Here's another example showing what can happen when a page includes google tag manager (not uncommon for our product, we're a CMS company). I've setup a testing GTM project that is tracking user clicks. However, my application only has one click listener setup. This ends up creating three spans for a single click: one for my application, and two from GTM.

The same thing is happening with the OP for React, since React sets up its own global listener. As a result, there are "duplicate spans".

obecny commented 3 years ago

One click should produce one flow only, if one click produces more than this is what should be fixed, instead of trying to add extra parent for all those newly created spans.

dyladan commented 3 years ago

I think brad is right. The parent should be the click itself. Each handler is a span which is the current behavior and I think its correct. You're actually both saying the same thing. You said "the click should be the main initiator" and that's what brad is saying, but there is no span for the click itself.
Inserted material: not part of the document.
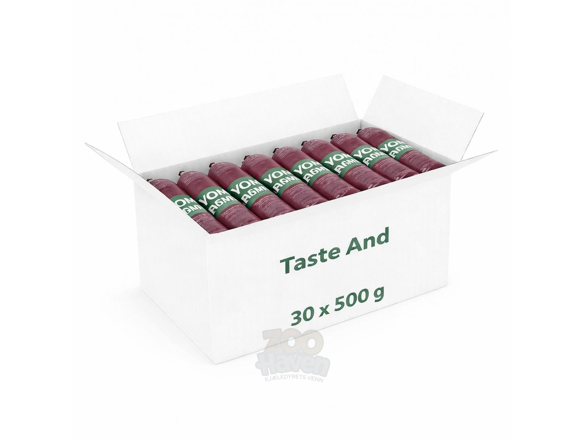 TASTE 100% And pølser er et eksklusivt produkt laget av kjøtt, bein og skinn. And er rikt på fett og protein og produktet passer ypperlig både som snack, tilleggsfôr eller under utredning for fôrrelatert allergi.
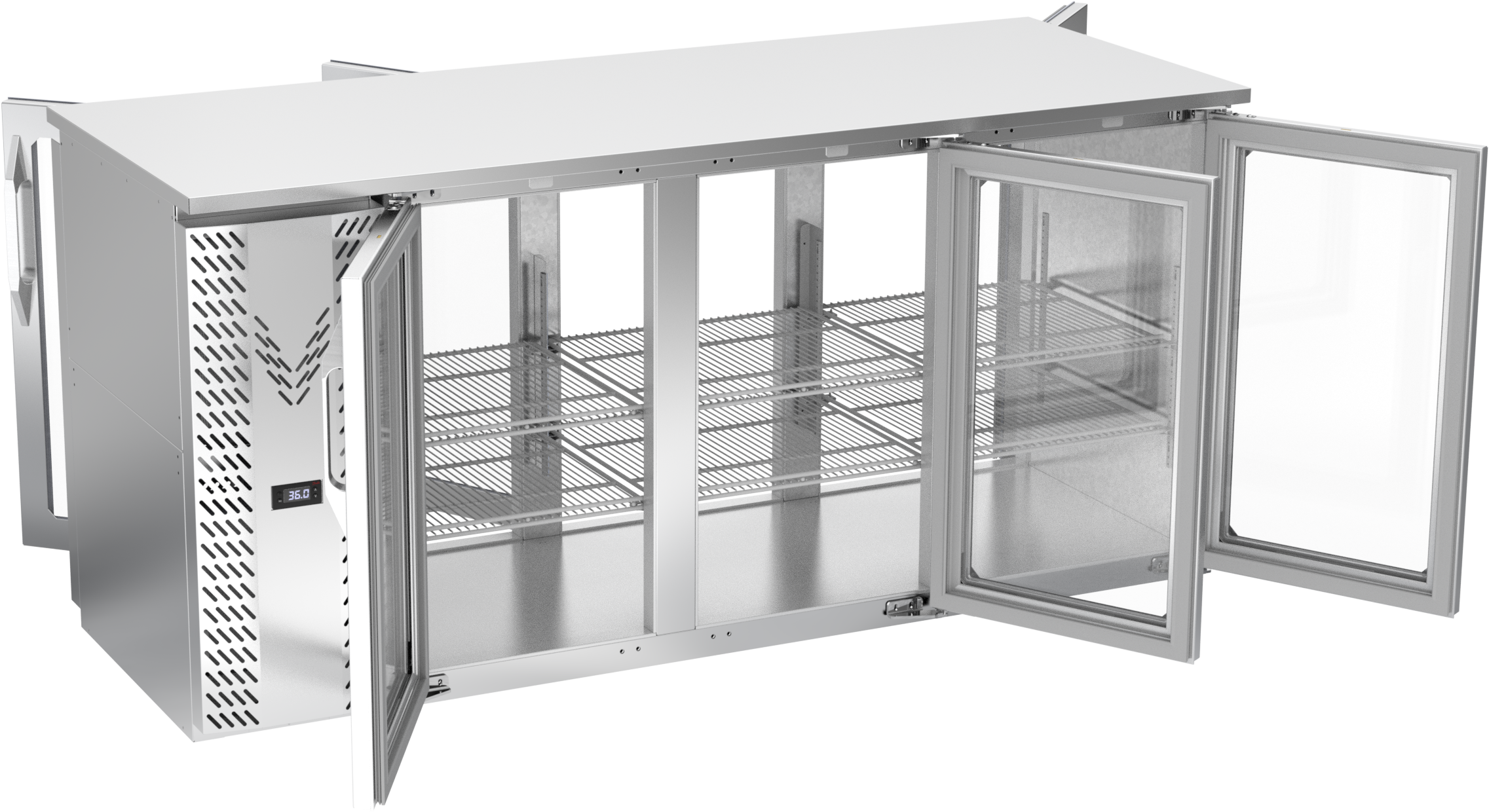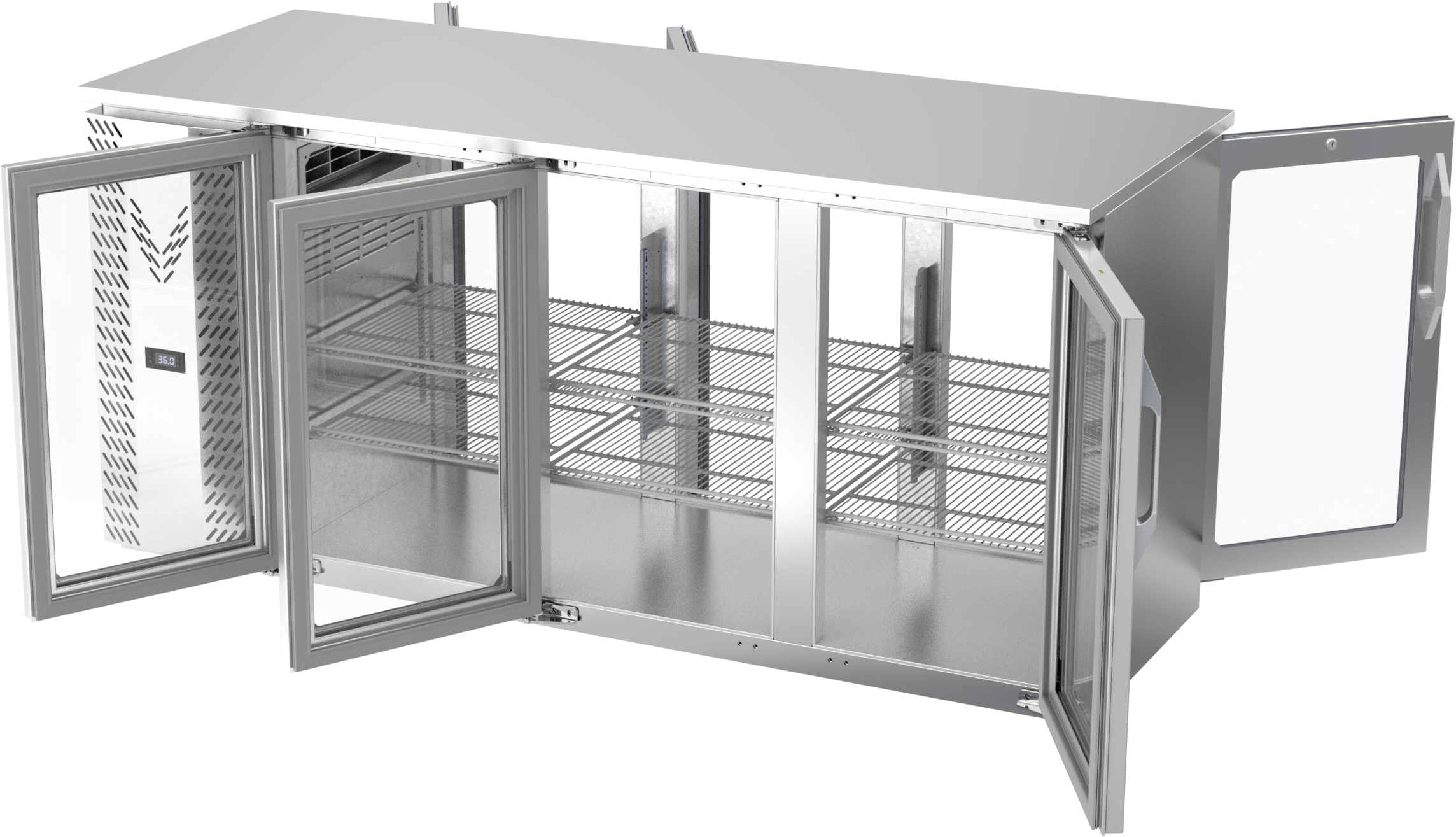 VBBN72HC-G-PT-S | 72" Narrow Depth Glass Doors Pass-thru Back Bar in Stainless Steel

obecny commented 3 years ago

in your example the number of generated spans for click event should be 1 only., 2 means there is a bug

bradfrosty commented 3 years ago

Yea I think we're on the same page 😄
One click creates one span. Instead of the current behavior where one click creates X number of spans, where X is number of listeners registered that run for the given event target.

github-actions[bot] commented 2 years ago

This issue is stale because it has been open 60 days with no activity. Remove stale label or comment or this will be closed in 14 days.

github-actions[bot] commented 2 years ago

This issue was closed because it has been stale for 14 days with no activity.

bradfrosty commented 2 years ago

This is still a bug. I missed the comments on my PR. Drafting up a response now.

akbarnafisa commented 2 years ago

any updates on this issue ?

Josh-a-e commented 2 years ago

Yeah I'd also be very interested in being able to fix this.

TusharShahi commented 1 year ago

I am also facing this

jalongod commented 1 year ago

I am also facing this

jalongod commented 1 year ago

I am also facing this

ido-g-coralogix commented 1 year ago

I am also facing this

devgalintown-mtv commented 1 year ago

Is there any update on this @dyladan @obecny? I am very new to Opentelemetry. Currently started working on instrumenting a vue.js app. I am using @opentelemetry/auto-instrumentations-web for that and facing similar issue, but for me it has one trace id but 5 -6 child spans. is it normal because of event bubbling?

devgalintown-mtv commented 1 year ago

I am also facing this any solution to this ?

elafito commented 11 months ago

Is there any update on this @dyladan @obecny? I am very new to Opentelemetry. Currently started working on instrumenting a vue.js app. I am using @opentelemetry/auto-instrumentations-web for that and facing similar issue, but for me it has one trace id but 5 -6 child spans. is it normal because of event bubbling?

I am having the exact same problem on React.

lucasdengPru commented 11 months ago

I am having the exact same problem on React. as attachment shows.

Screenshot-trace-button-click

image

prajon84 commented 3 months ago

ANy solution to this? I am having this problem in Aug 2024 too.